> _What the exercise asks_
Copy, pictures aside: the lines below from the one that holds "Alex Perry Draped" through the final line of the listing, both ends included, exactly as they are and nothing else.

:::

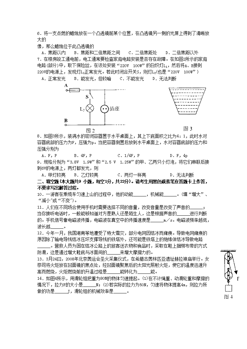 【文档名称】 2008年云南昆明中考物理真题及答案(Word版).doc
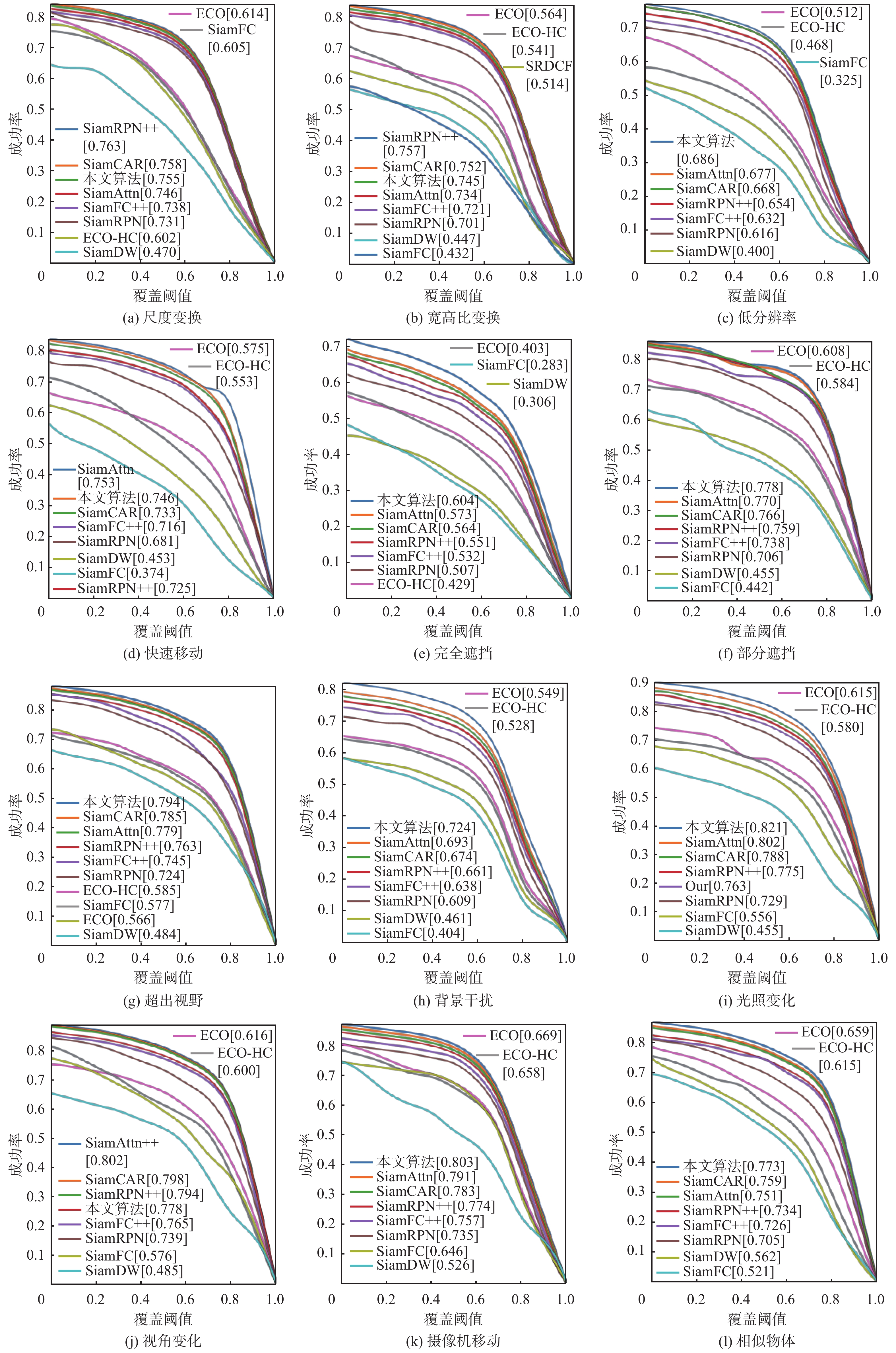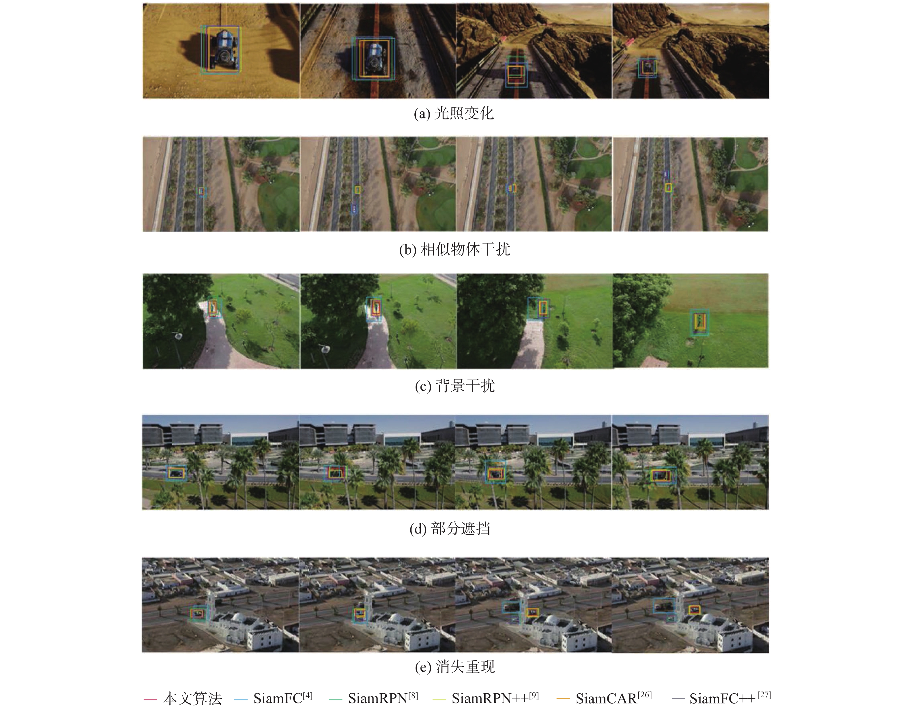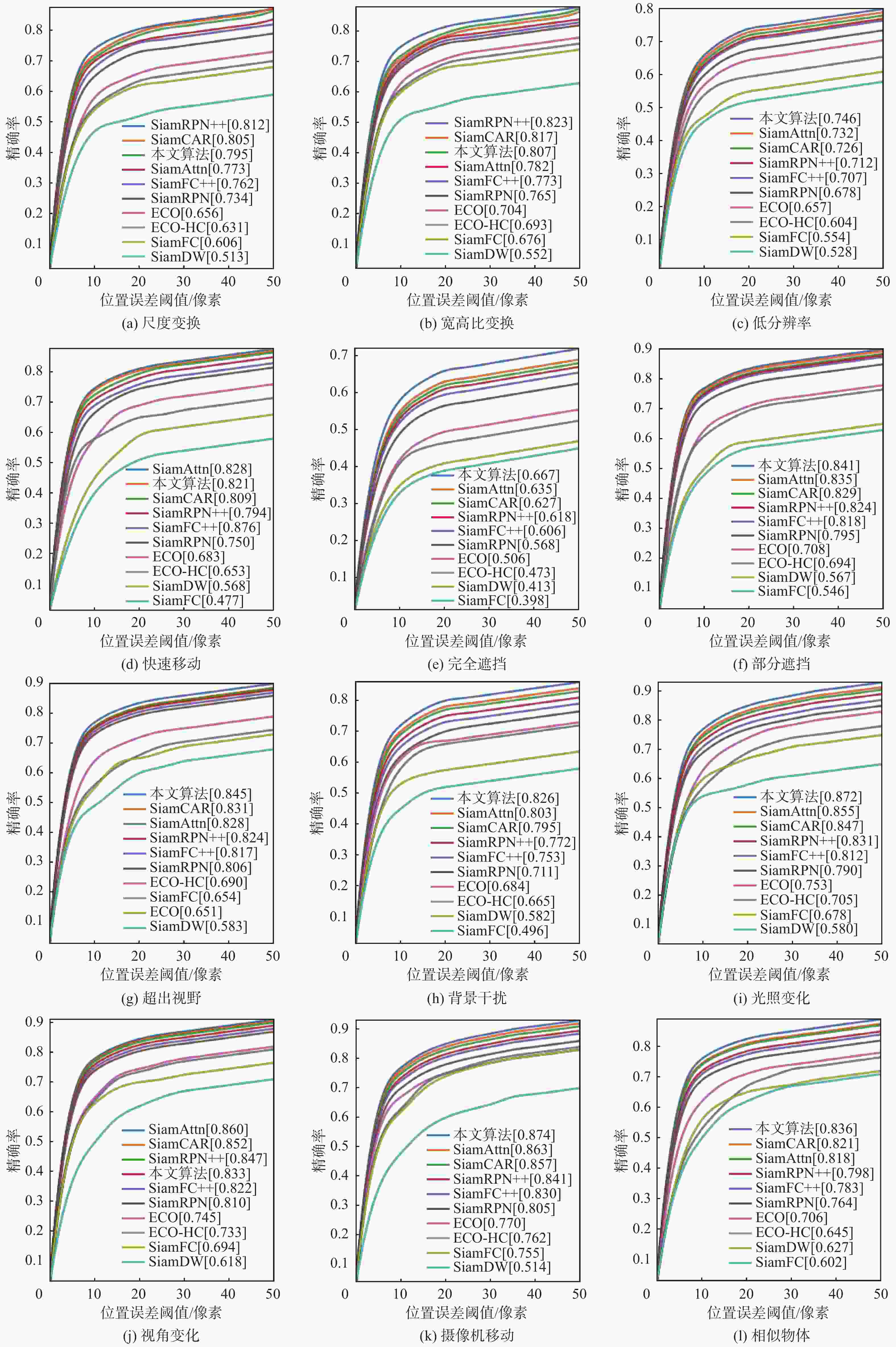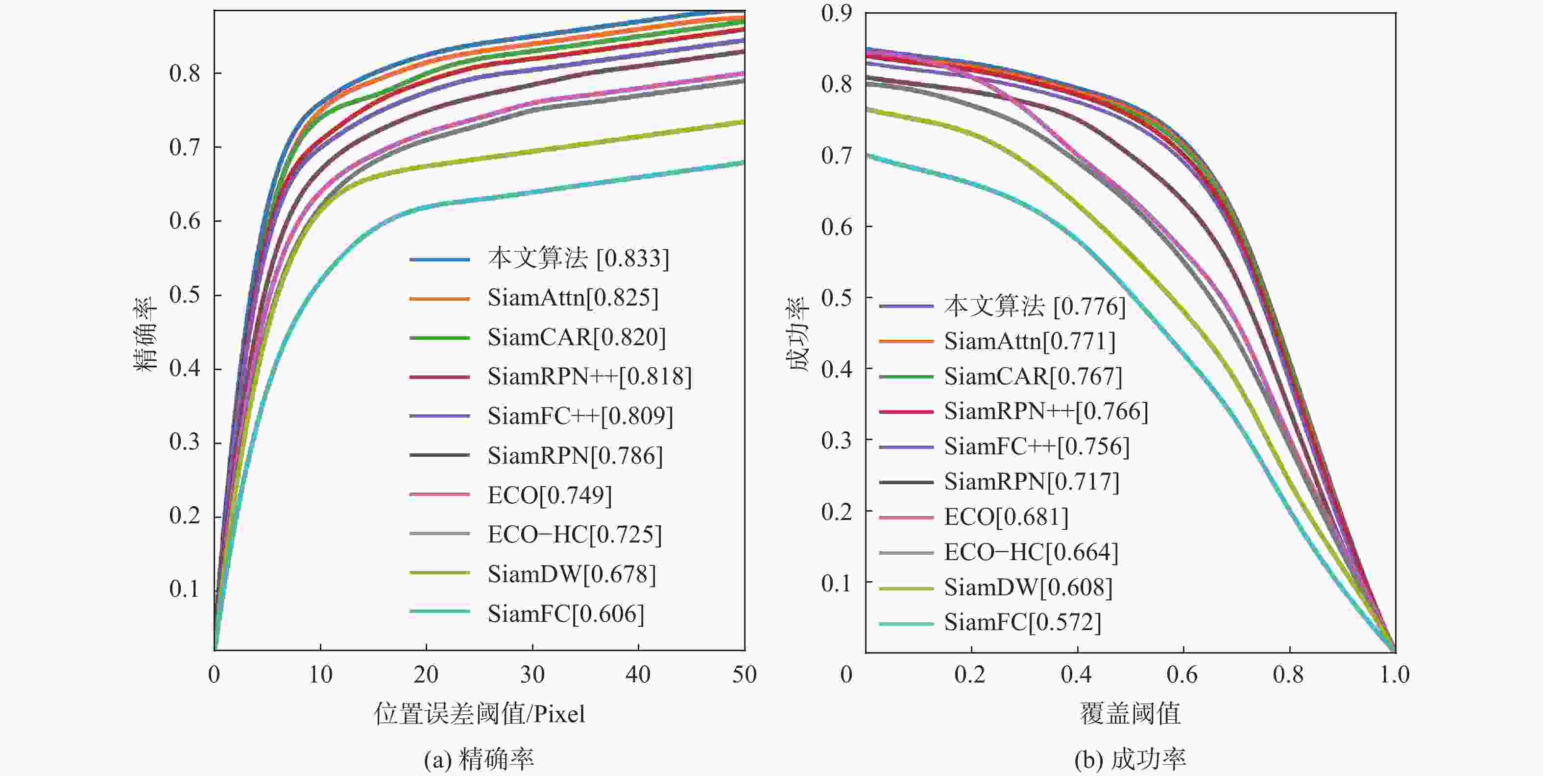 算法 精确率 成功率 Siamese 0.704 0.672 Siamese+FA 0.792 0.734 Siamese+PA 0.769 0.715 本文算法 0.832 0.771 -
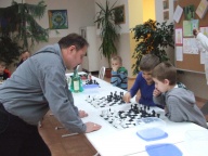 2012. december 20-án iskolánkban nyílt sakkszakkört és szimultán tartottunk, melynek vendége Szabó Tibor korábbi OB II-es sakkozó és hobbi sakkoktató volt. A felhívásnak megfelelően a foglalkozáson nem csak a sakkszakkör állandó résztvevői vettek részt, hanem bárki aki, kedvet kapott a szimultánhoz. A megjelent 34 fő közül sokan hozták saját készletüket, és azzal vettek részt a rendezvényen. A megjelentek nagy számára való tekintettel a foglalkozásokra csoportbontásban került sor, majd ez után a résztvevők egymással illetve az oktatókkal is megmérkőzhettek. A két csoport felváltva ismerhette meg a sakktábla beosztását és a versenysakk szabályainak alapjait. A hivatalos, versenyszerűen folytatott sakk szabályai közül sok nem ismert a szélesebb közönség között, ezért először ezeknek a szabályoknak a bemutatására kerül sort. Ilyenek például a kezdés és a sáncolás szabályai, a menet közbeni ütés. Az ún. „átváltozás” szabály talán az, ami legtöbb meglepetést okozta sakkszakkört nem látogató résztvevők között, mert a hétköznapi sakkban ezt gyakran tévesen használják és alkalmazzák. Az alapvető versenyszabályok mellett a foglalkozások másik fő témaköre maga a sakktábla volt. A sakk alapjai a táblán való tájékozódással kezdődnek, így ismertetésre kerültek olyan fogalmak, mint „sorok”, „vonalak”, „átlók”, „centrum”. Ezeknek az alapvető elemeknek az elsajátítása még bábuk nélkül történt, majd megvizsgáltuk, ezen fogalmak hatását az egyes bábok mozgására. Említésre került a versenysakktábla alapvető kellékei, a vonalak betűjelei és a sorok számozása melyek a játszmák megörökítésének elengedhetetlen eszközei. Érdekességképpen bemutatásra került a sakkóra használata, és a megfelelő alkalmazás szabályai. Az elméleti foglalkozás után a vendégek és sakkszakkör állandó látogatói egymás ellen illetve az oktatókkal mérhették össze tudásukat. A közel két órás jókedvű rendezvényen sokan ismerkedhettek meg a sakk komolyabb formájával, és olyan ismereteket szerezhettek, amelyek fejleszthetik egyéni sakktudásukat, esetleg kedvet kaptak a sakk mélyebb megismeréséhez. A sikeres foglalkozás után tervezzük, hogy a szimultánnak és a nyílt foglalkozásnak folytatása lesz a jövőben.
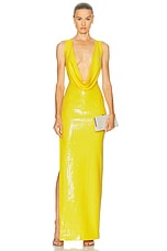 Alex Perry Draped Cowl Column Dress in Yellow
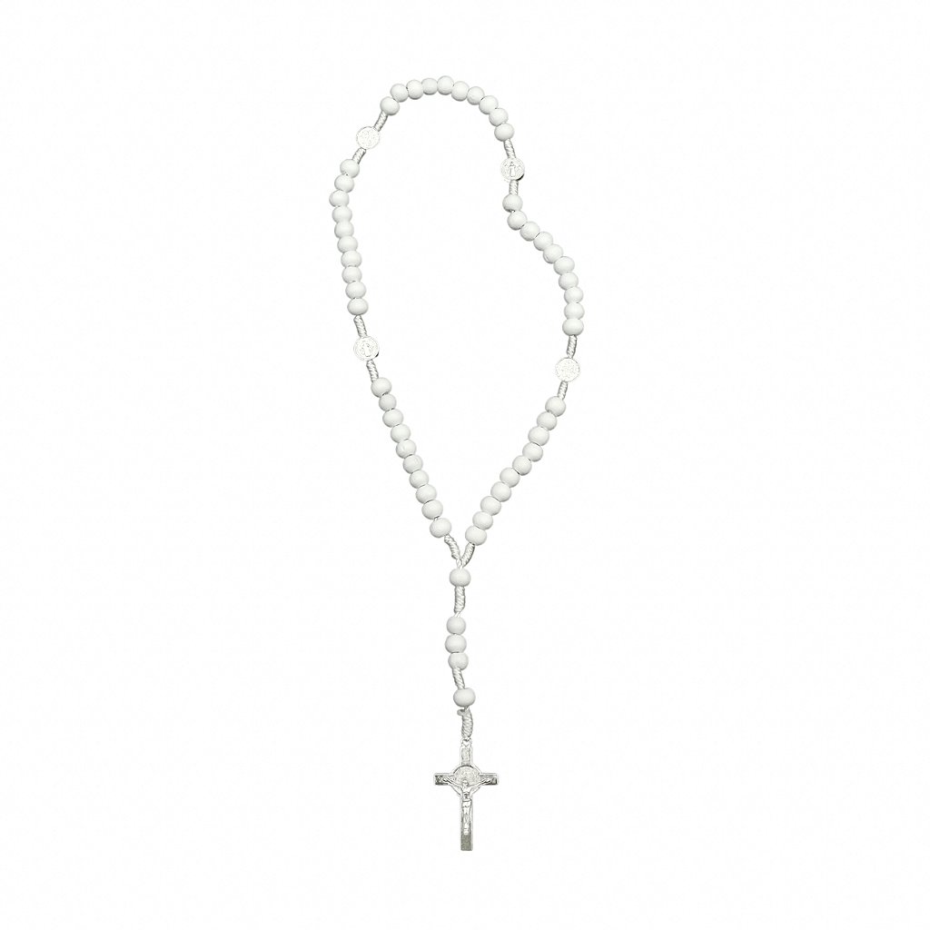 Terço madeira branca cordão branco com medalha São Bento na dezena

:::

> _Solution_
 Alex Perry Draped Cowl Column Dress in Yellow
 Terço madeira branca cordão branco com medalha São Bento na dezena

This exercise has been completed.